Lynn Dressler is the director of personalized medicine of the Fullerton Genetics Center at Mission Health in Asheville, NC. She joined the center in February 2013, to develop and direct the personalized medicine and pharmacogenomics program.

Formerly a faculty member in the Schools of Medicine and Pharmacy at the University of North Carolina at Chapel Hill, and a founding member of UNC Center for Pharmacogenomics and Individualized Therapy, Dressler’s thirty-year career spans translational laboratory research in cancer, health policy research, and the ELSI and policy implications of genomic medicine.

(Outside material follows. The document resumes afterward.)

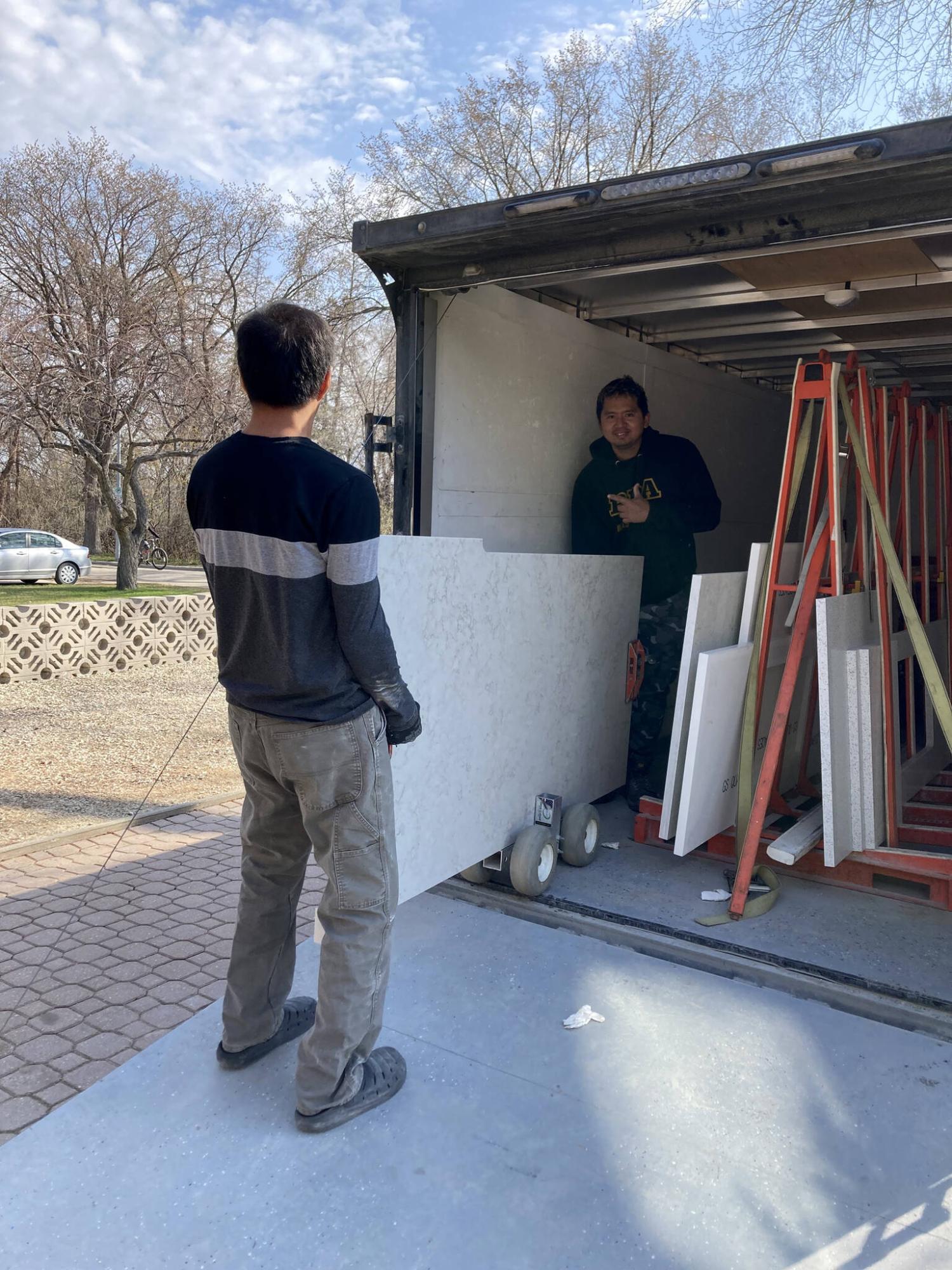 The heavy sections of quartz countertops are wheeled in using a dolly.

Dressler holds a master’s in experimental pathology and a doctorate in health policy, and she completed a fellowship in ELSI research.

At UNC, her laboratory conducted the research study that directly led to the FDA approval of the HER2 FISH assay (PathVYsion™), one of the first pharmacogenomic tests in solid tumors. In North Carolina, nearly ten years prior to GINA, Dressler worked with the NC General Assembly to draft legislation that was passed into law to prohibit discrimination by employers and health insurance providers on the basis of an individual’s genetic information, paving the way for cancer genetic studies to proceed in that state while providing some protection for cancer patients.

At the national level, working closely with NIH/NCI/NHGRI, Dressler has served in many leadership roles (external adviser to TCGA study, NCI caHUB ethics working group, eMERGE Return of Results and Data Sharing Working Groups). Dressler currently serves as a member of the Clinical Pharmacogenomics Implementation Committee, the Ethics and Policy Working Group of the NHGRI/NCI International Cancer Genome Consortium, and a guest member of the Institute of Medicine’s Roundtable on Translating Genomic Findings to Improve Health.